An “extractive organisation” could be described as an organisation that disproportionately favors one stakeholder group, most typically senior management and shareholders, at the expense of the others.  For example, Sears Roebuck & Co. has been criticized as a company for overly focusing on short term shareholder value at the expense of other stakeholders (e.g., “investing” free cash to buy back shares rather than investing in much needed infrastructure advertising and new retail concepts).  Sears may be doomed to fail, we will see.  These organisations are also typically extractive (i.e., pay lower wages, provide fewer incentives, etc.) in their leadership and employment practices and are more likely to have command and control management models.


In contrast, an “inclusive organisation” tends to find a healthy balance between internal stakeholders (especially management and employees) and has an inclusive economic model, whereby benefit is shared more equally amongst employees, management, shareholders, customers and the community.  The cultures of inclusive organisations tend to be more merit-based and co-creative, with contributing individuals able to participate and share in the organisation’s innovation agenda (and the fruit of this contribution).

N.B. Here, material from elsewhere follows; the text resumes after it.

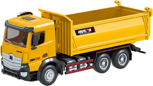 Model wyposażono w ruchomą skrzynię ładunkową, którą można podnosić i opuszczać, co pozwala symulować proces załadunku i rozładunku. Autentyczne oznaczenia, precyzyjnie wykonana kabina kierowcy oraz realistyczne detale konstrukcyjne sprawiają, że model wygląda jak prawdziwy samochód ciężarowy na plac budowy. Obracane koła zapewniają płynne poruszanie się po różnych nawierzchniach, zwiększając interaktywność modelu.

These organisations are usually more flexible and dynamic and better able to deploy resources where they count the most, as well as to more easily make adjustments as conditions change.


We believe that extractive firms in unstable markets are, over the long-run, more likely to fail and, in the short-run, these organisations will be much more vulnerable to disruption.  We also believe that, over time, incumbents tend to become more extractive, whereas insurgents tend to be more inclusive both organizationally and economically.  Over the coming months we will write more on this topic.  For leaders, the important question becomes – “is your organisation extractive or inclusive?”